Começo esse texto falando da dificuldade de explicar para quem estava de fora sobre o amor que, mesmo ganhando ou perdendo, trazemos na mala após cada JUCA. Cito, inclusive, o fanatismo de ser GRIFO. Esse fanatismo que nos faz vestir branco, verde e laranja e cantar para o Juca inteiro escutar que somos Pegada Monstro até morrer.
Pacotes que foram esgotados rapidamente, cada dia uma surpresa nova sendo lançada, uma ansiedade fora do normal, e uma única certeza: estávamos cada vez maiores.
Embarcamos no Morumbi na quarta-feira à noite, e no ar você só sentia um clima: nós só precisamos de nós! De mais nada. Só precisávamos da nossa canelinha, da nossa Pegada Monstro e do nosso megafone (não).

Chegando em Sorocaba – para os íntimos Sorosarra – já era notável, que “já era JUCA” mais do que nunca. Após montar barraca daqui, encher colchão de lá, comer kitkat daqui, descobrir o que era a porta treco da Versy de lá, partimos para os primeiros jogos. E partimos para mostrar que na arquibancada não existe outra torcida. Mosaico, bandeirão, fumaça, sinalizadores, uma torcida com sua música na ponta da língua, para não deixar ninguém na dúvida de que viemos para incomodar.
E no Street Juca? Grande Pana, garantindo sempre que a música e a cerveja alí nunca faltariam. Eu só sei falar de integração e breja eterna. Nossos vizinhos nos acompanhando sempre (Valeu PUC!), a visita constate de vários alojamentos e uma tentativa eterna de ser bodybuild (tentativa não né? AQUI É BODYBOUILD PORRA!!!!!).
Ficamos roucos, ficamos loucos, fomos bailarinas, tentamos matar o “mano” do megafone (apesar de já sentir saudades dele), tentamos virar astronauta, tivemos open coxinha, open sorvete, competição de sarrada, café da manhã, eterno nescafé. Elza do Frozen, funk eterno, banho quente e aquele open de amor de sempre.
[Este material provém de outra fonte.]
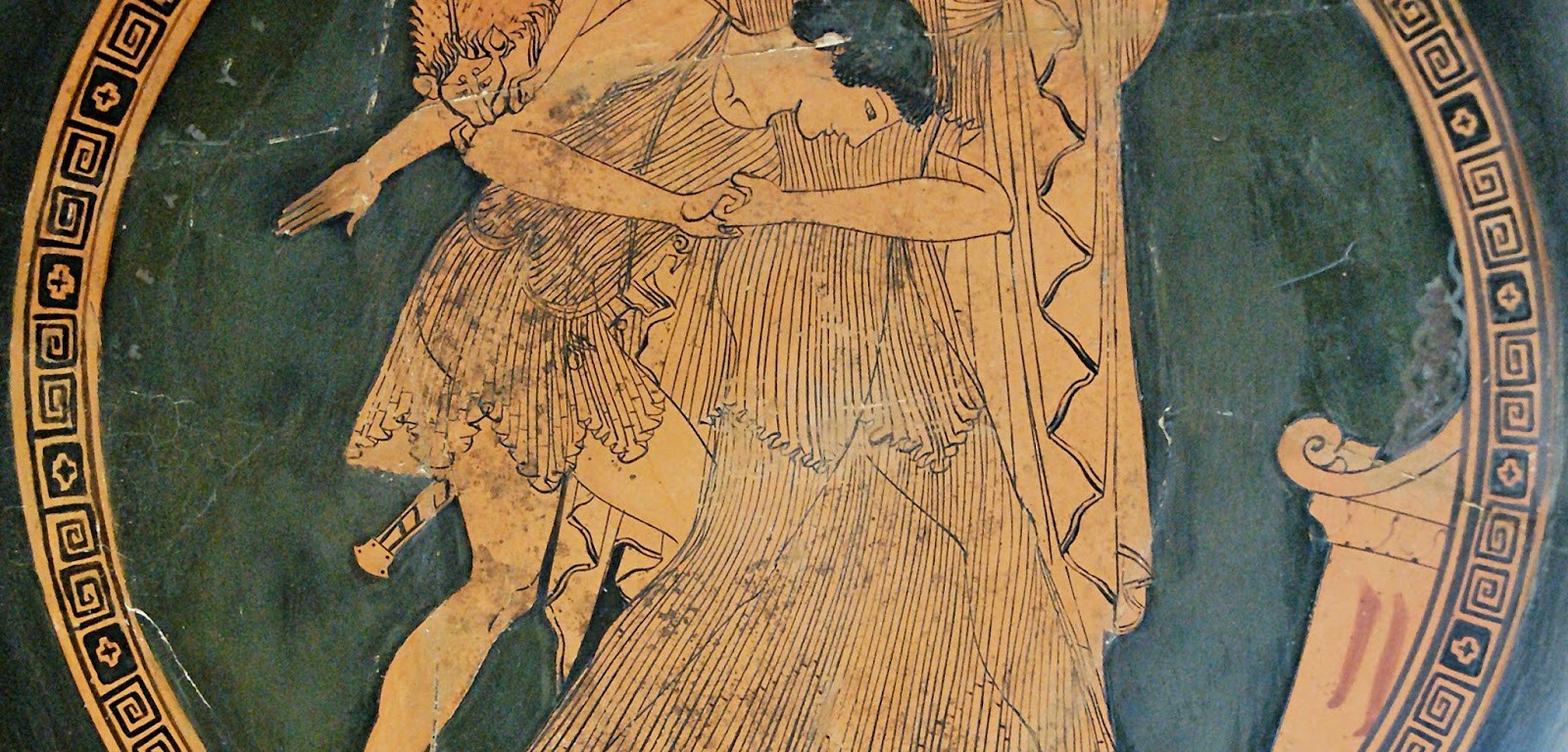 Το άνωθεν αγγείο δείχνει τον Πηλέα, να έχει δέσει τα χέρια του γύρω από τη Θέτιδα και να την κραταει σφιχτά, στιγμές πριν την αρπαγή της.
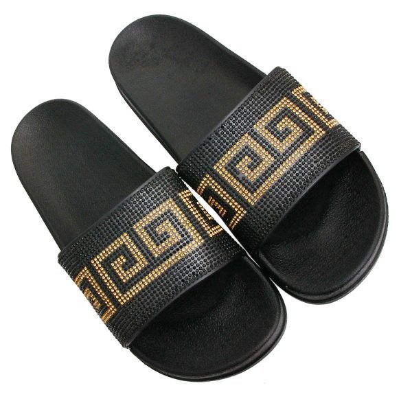 Size 11 Designer Inspired Black and Gold Rhinestone Greek Key Pattern Slipper Slides Featuring Black Cushion Bottom and Non Slip Sole. Slides Run True to Size. Size Up for Half Sizes.
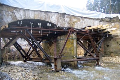 dans la stabilisation de l’ensemble, car suite aux dégradations causées par les multiples inondations et l’absence de maintenance pendant des décades, la pile centrale et les culées en pierre naturelles risquaient de s’écrouler. <br>
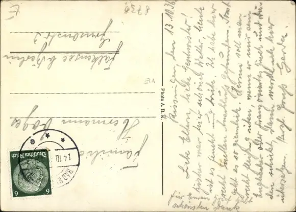 gelaufen 1936, Eckknicke, fleckig, sonst guter Zustand
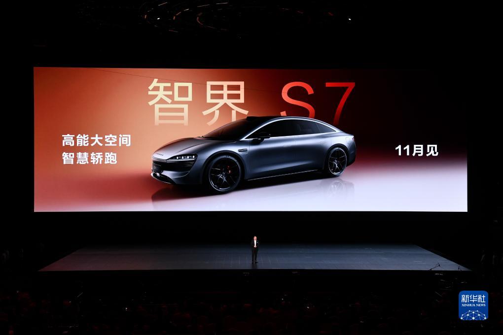 9月25日,華為秋季全場(chǎng)景新品發(fā)布會(huì )上展示智界S7汽車(chē)。
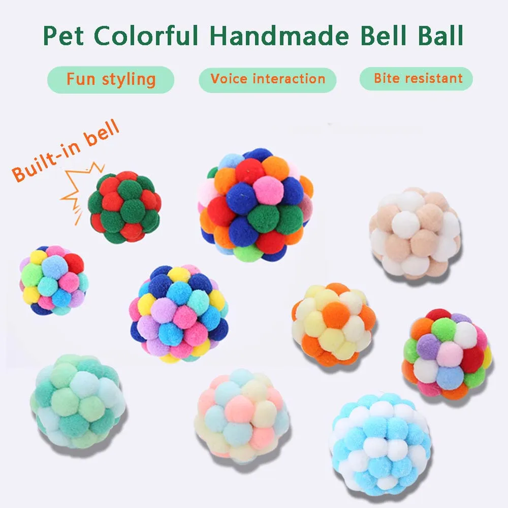Плюшевый мяч-колокольчик ручной работы для домашней кошки, забавная...
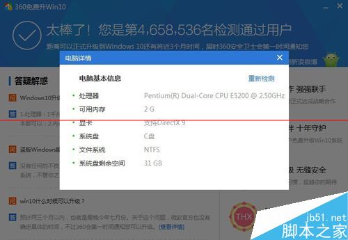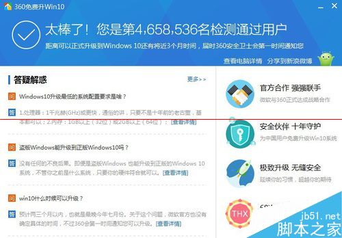 10、再用“360免费升windows 10 ”工具检测一下,完全通过了。
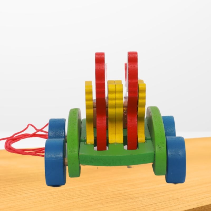 Encourage your baby’s first steps with this charming Kondapalli Wooden Chicken Drum Cart, a traditional handcrafted toy designed to support early walking and sensory development. Made by skilled artisans from Kondapalli village, Andhra Pradesh, this pull-along toy combines vibrant colors, delightful sounds, and safe design to engage and entertain your little one.
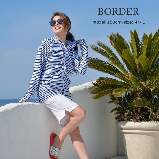 ラッシュガード 総柄 パーカー ボーダー レディース 長袖 おしゃれ 水着 体型カバー 大きいサイズ UVカット フード スポーツ アウトドア プール 海 送料無料
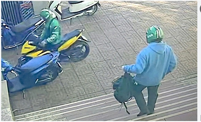 Theo đó, khoảng 15h30 ngày 19/1, có 2 đối tượng nam giới mặc trang phục áo khoác của hãng Grab, đội mũ bảo hiểm màu xanh grab, nghi vấn sử dụng xe mô tô nhãn hiệu Exciter, màu vàng đen (biển số đối tượng sử dụng 77G1 – 313.12), mang theo một túi xách màu xanh (dạng ba lô cóc) đến dừng xe trước Phòng Giao dịch Trà Bá.
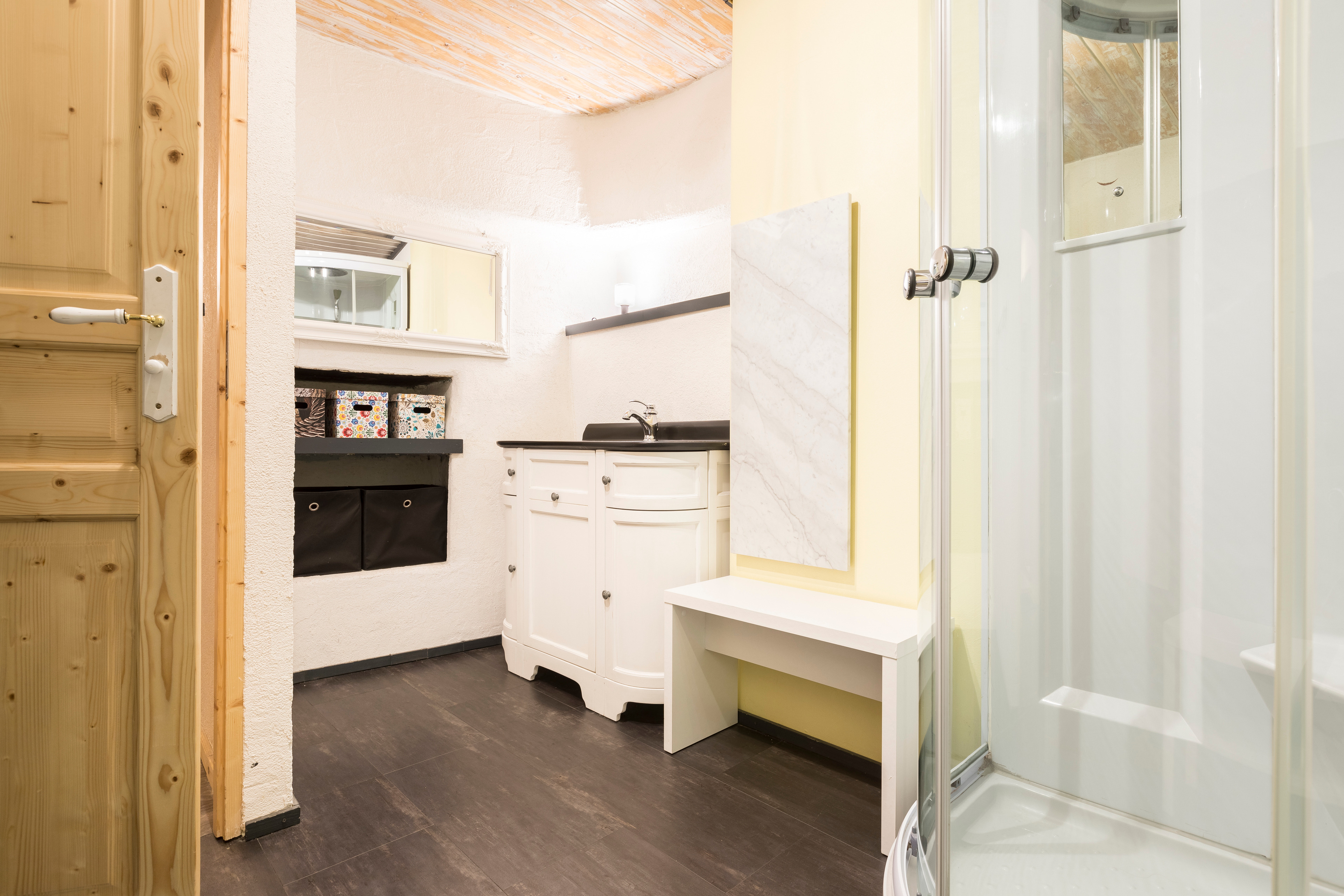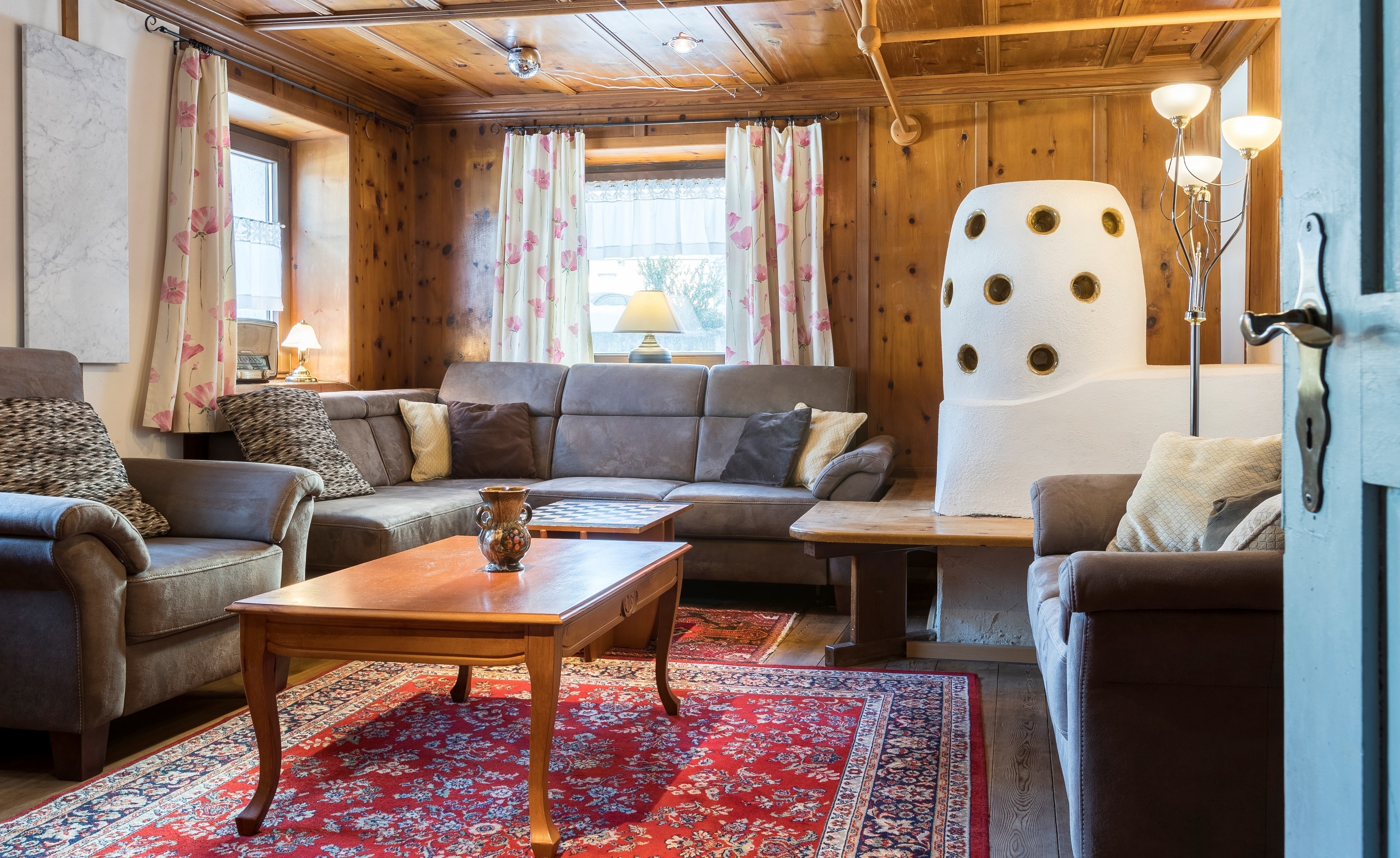 Eine alte Wohnstub z.B. blieb, moderne Elemente wurden hinzugefügt, wie zeitgemäße Bäder und eine moderne Haustechnik – z.B. Infrarotheizung, betrieben mit Strom aus Wasserkraft.
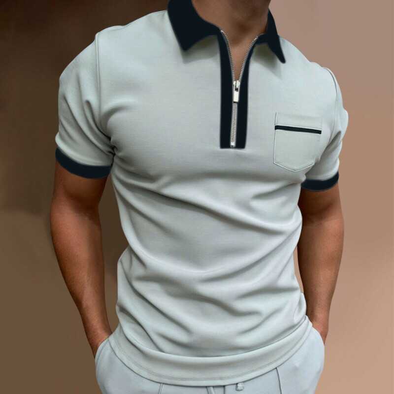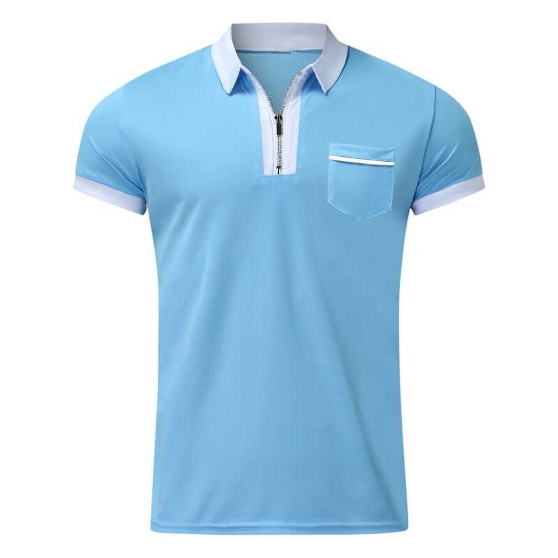 Men Zipper Polo Short Sleeve Shirts Casual Slim Fit Basic Golf Lapel Tee Top
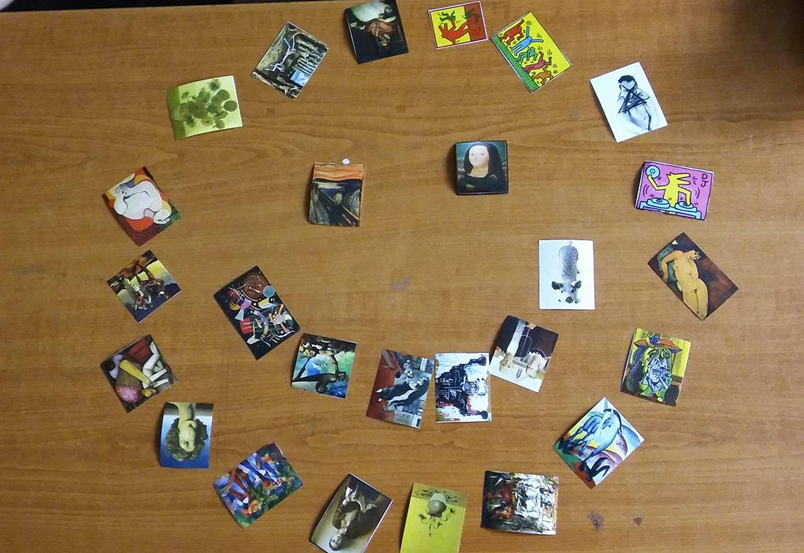 Bevezetésként alkalmaztam ezt a feladatot, 20. századi műalkotások reprodukciói közül kellett kiválasztani azt a képet, amely legjobban kifejezi a hangulatunkat. Utána beszélgettünk, hogy mit miért választottak, és, hogy hogyan érezhetjük magunkat jobban, például, ha átgondoljuk, hogy kinek és miért lehetünk éppen most hálásak.
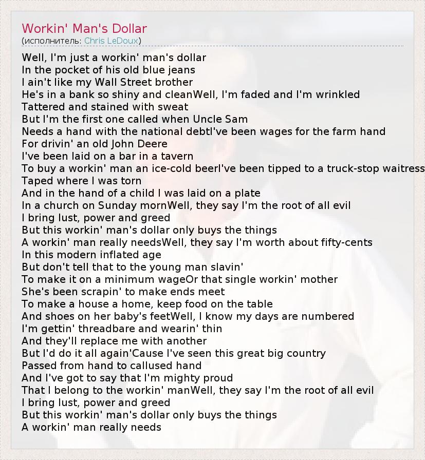 А как ты думаешь, о чем песня "Workin' Man's Dollar" ?
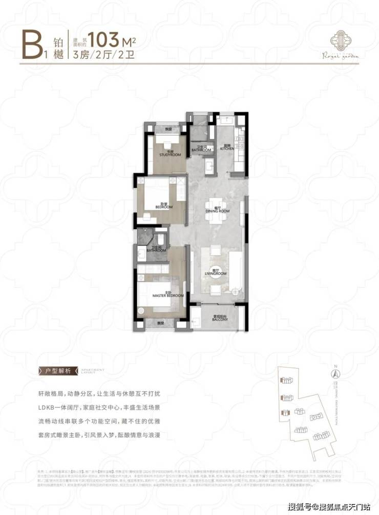适合三口之家或年轻家庭居住的动静分区户型,厨房、餐厅、客厅及阳台一体化设计,动静完全分区设计,相当人性化!主卧套房设计满满尊崇感;次卫三分离干湿分区设计,考量十分贴心!
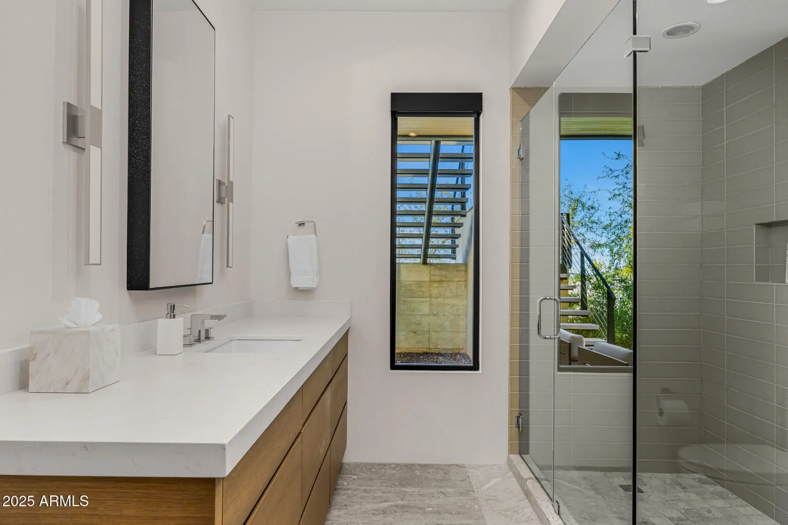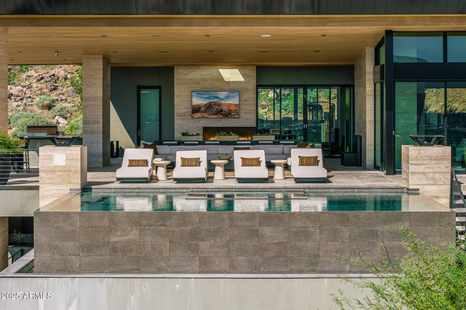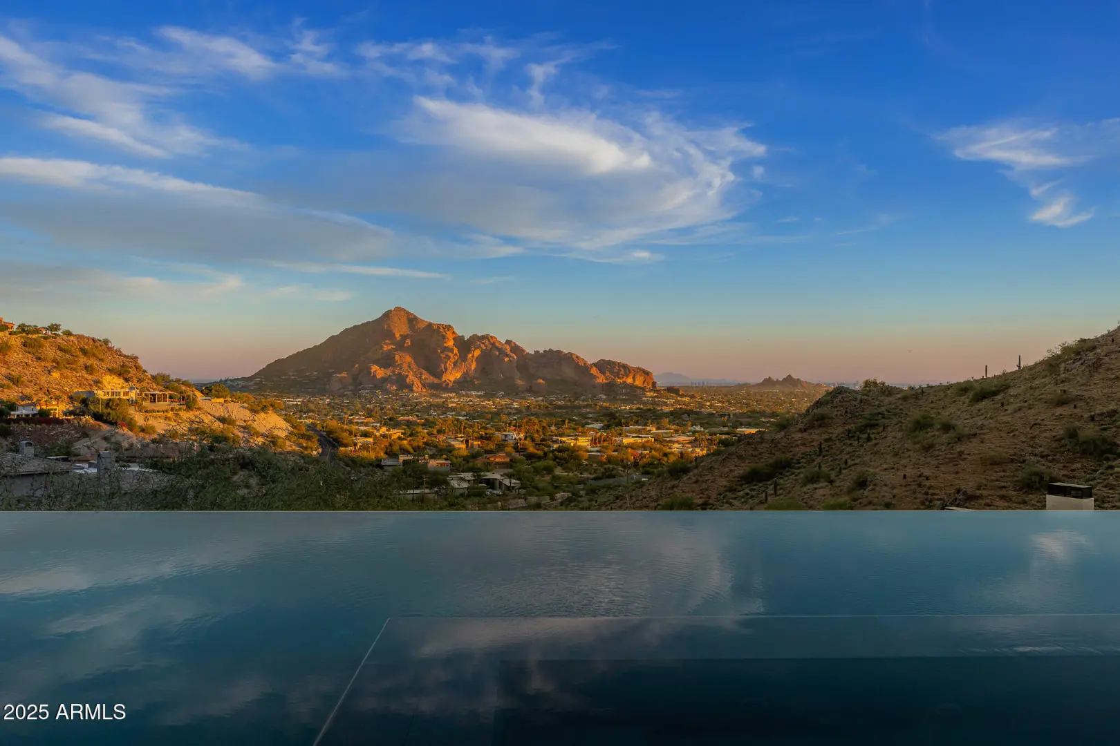 Positioned on a serene hillside Paradise Reserve, this modern masterpiece showcases sleek architecture and sweeping Paradise Valley views that define luxury desert living. Designed with warm contemporary architecture, the home blends clean lines, natural stone, and rich wood elements to create a sophisticated yet inviting retreat. A dramatic staircase sets the tone upon entry, leading to expansive living spaces framed by the panoramic sliding glass doors that open to a large covered patio, fireplaces, and an infinity-edge pool that appears to flow seamlessly into the desert horizon. The primary suite commands breathtaking views across the entire valley and features a drop-down screen & projection system, a spa-like bathroom, a massive shared walk-in closet, & a private outdoor jacuzzi...

Saímos de Sorosarra sem o tão sonhado bicampeonato, mas deixamos a certeza de que a festa aqui se faz, seja na arquibancada, seja no Street Juca, seja no busão, na festa do meio ou até mesmo na rua. Com a certeza de que em 2012, quando a Grifo entrou para os jogos, ela não ia ser só mais uma. Após 96 horas de open bar, voltamos para casa, alguns sem dignidade, mas com uma única certeza: fizemos nossa parte e, mesmo estando em 3° no ranking geral, não vamos parar!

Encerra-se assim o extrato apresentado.